Cr: 0.3% or less Chromium (Cr) enhances the hardenability of steel and contributes to the improvement of hardness. This effect can be obtained if even a small amount of Cr is contained. On the other hand, when the Cr content exceeds 0.3%, the two-phase region becomes narrow and it becomes difficult to obtain a desired structure. In addition, carbides are likely to precipitate. Therefore, the Cr content is 0.3% or less. The lower limit of the Cr content is preferably 0.01%, more preferably 0.03%. The upper limit of the Cr content is preferably 0.2%, more preferably 0.1%.

Ni: 0.5% or less Nickel (Ni) enhances the hardenability of steel and contributes to the improvement of hardness. This effect can be obtained if even a small amount of Ni is contained. On the other hand, when the Ni content exceeds 0.5%, retained austenite increases, making it difficult to obtain a desired structure. Therefore, the Ni content is 0.5% or less. The lower limit of the Ni content is preferably 0.01%, more preferably 0.02%. The upper limit of the Ni content is preferably 0.4%, more preferably 0.3%.

Cu: 0.5% or less Copper (Cu) enhances the hardenability of steel and contributes to the improvement of hardness. This effect can be obtained if even a small amount of Cu is contained. On the other hand, when the Cu content exceeds 0.5%, the two-phase region becomes narrow and it becomes difficult to obtain a desired structure. Therefore, the Cu content is 0.5% or less. The lower limit of the Cu content is preferably 0.01%, more preferably 0.02%. The upper limit of the Cu content is preferably 0.4%, more preferably 0.3%.

Al: 0.005 to 0.06%
Aluminum (Al) forms a nitride and contributes to the miniaturization of austenite grains by the pinning effect of the nitride. If the Al content is less than 0.005%, this effect cannot be sufficiently obtained. On the other hand, when the Al content exceeds 0.06%, the machinability of the steel is lowered. Therefore, the Al content is 0.005 to 0.06%. The lower limit of the Al content is preferably 0.01%, more preferably 0.02%. The upper limit of the Al content is preferably 0.05%, more preferably 0.04%.

N: 0.001 to 0.04%
Nitrogen (N) forms nitrides and carbonitrides, and contributes to the miniaturization of austenite grains by the pinning effect of the nitrides and carbonitrides. If the N content is less than 0.001%, this effect cannot be sufficiently obtained. On the other hand, when the N content exceeds 0.04%, the toughness of the steel decreases. Therefore, the N content is 0.001 to 0.04%. The lower limit of the N content is preferably 0.005%, more preferably 0.01%. The upper limit of the N content is preferably 0.035%, more preferably 0.03%.

P: 0.03% or less Phosphorus (P) is an impurity. When the P content exceeds 0.03%, the fatigue strength of the steel decreases. Therefore, the P content is 0.03% or less. The P content is preferably 0.025% or less, more preferably 0.02% or less.

S: 0.035% or less Sulfur (S) is an impurity. When the S content exceeds 0.035%, the hot workability of the steel deteriorates. Therefore, the S content is 0.035% or less. The S content is preferably 0.030% or less, more preferably 0.025% or less.

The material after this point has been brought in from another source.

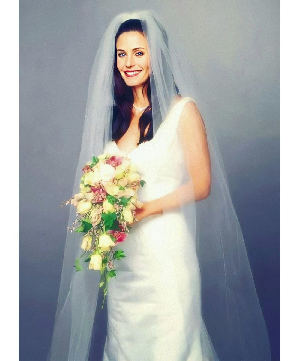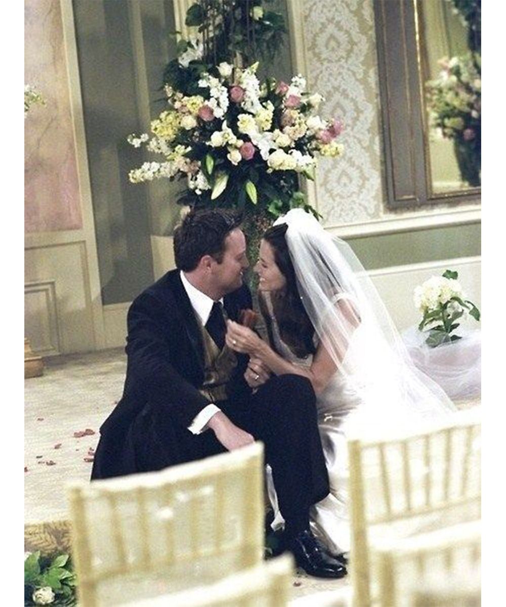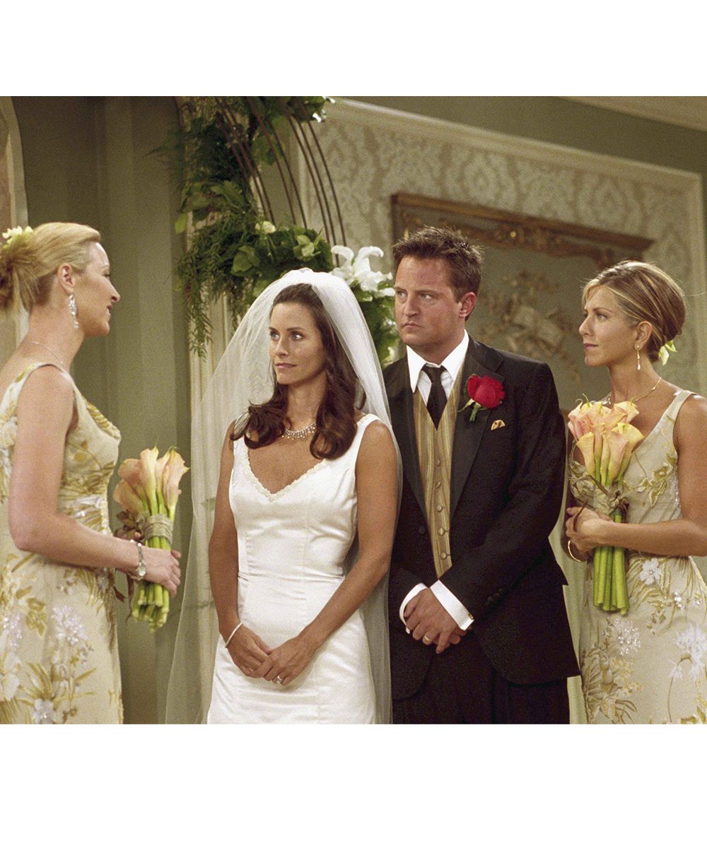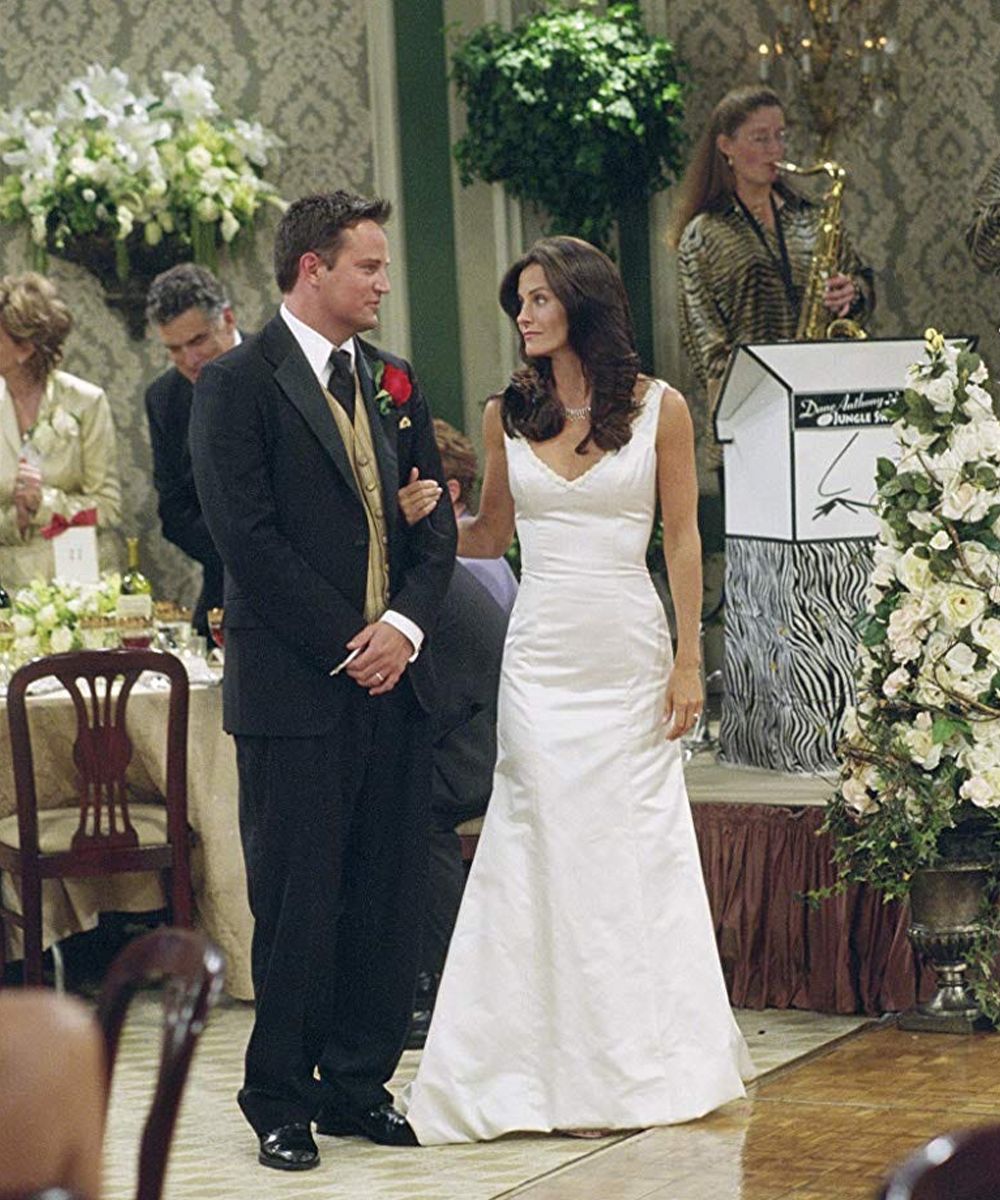 Friends è probabilmente la sitcom americana più amata di sempre, e lo dimostra la recente Reunion che ha incollato allo schermo milioni di spettatori dopo 15 anni dall’ultimo episodio. E se ad appassionarci sono state senza dubbio le rocambolesche vicende d’amore tra Ross Geller e Rachel Green (David Schwimmer e Jennifer Aniston), a guadagnarsi un posto nella classifica è l’iconico wedding di Monica (Courteney Cox) e Chandler (Matthew Perry), i due amici storici che si sono sposati alla fine della settima stagione, tra stupore e lacrimucce di moltissimi. Per l’occasione, l’esuberante chef del gruppo ha indossato un abito con scollo a V e A-gown, ornato di un lungo velo in tulle. Quando si dice less is more.

The balance of the chemical composition of the steel material for sliding parts according to this embodiment is Fe and impurities. Impurities here refer to elements mixed from ores and scraps used as raw materials for steel, or elements mixed from the environment of the manufacturing process.

[Surface structure]
At least a part of the steel material for sliding parts according to the present embodiment is surface-hardened. The surface hardening treatment is, for example, induction hardening. For example, the steel material for sliding parts according to the present embodiment may be subjected to surface hardening treatment only on a portion to be slid when used as a sliding part, or the entire steel material is subjected to surface hardening treatment. May be.

In the steel material for sliding parts according to the present embodiment, the structure (hereinafter referred to as "surface structure") from the surface of the surface-hardened portion to a depth of at least 500 μm or more remains as martensite (fresh martensite) as it is quenched. It is a multiphase structure composed of austenite and ferrite phase.

As-quenched martensite (fresh martensite) is necessary for high strength and high ductility. If there is too little fresh martensite, sufficient nanohardness cannot be obtained. On the other hand, if there are too many fresh martensites, delayed fracture may occur. The fraction of fresh martensite in the surface structure (hereinafter referred to as "fresh martensite fraction") is 50 to 80%. The lower limit of the fresh martensite ratio is preferably 55%, more preferably 60%. The upper limit of the fresh martensite rate is preferably 75%, more preferably 70%.

When a high load is locally applied to the retained austenite during the sliding process, it transforms into martensite and improves the load bearing capacity. If there is too little retained austenite, this effect will not be sufficient. On the other hand, if there is too much retained austenite, the nanohardness will be insufficient. The retained austenite fraction (hereinafter referred to as "retained austenite ratio") in the surface layer structure is 5 to 10%. The lower limit of the retained austenite rate is preferably 6%. The upper limit of the retained austenite rate is preferably 9%, more preferably 8%.

The rest of the surface structure is the ferrite phase. The ferrite phase relieves strain and residual stresses generated in other structures. The lower limit of the ferrite phase fraction (hereinafter referred to as "ferrite phase fraction") in the surface layer structure is preferably 10%, more preferably 15%. The upper limit of the ferrite phase ratio is preferably 40%, more preferably 30%.

The thickness of the surface layer structure is 200 μm or more. If the thickness of the surface layer structure is less than 200 μm, the effect of the above-mentioned double phase structure cannot be sufficiently obtained. On the other hand, if the structure up to 200 μm from the surface is the above-mentioned double-phase structure, the structure in the region deeper than 200 μm may be a structure other than this. However, the above-mentioned double-phase structure may be used over the entire depth of the steel material. Structures deeper than 200 μm from the surface do not significantly affect sliding properties.

On the other hand, from the viewpoint of workability, it is preferable that only the surface of the steel material is hardened and the inside remains a soft structure. Therefore, from the viewpoint of processability, it is preferable that the thickness of the surface layer structure is as thin as possible with 200 μm as the lower limit. The upper limit of the thickness of the surface layer structure is preferably 1000 μm, more preferably 500 μm.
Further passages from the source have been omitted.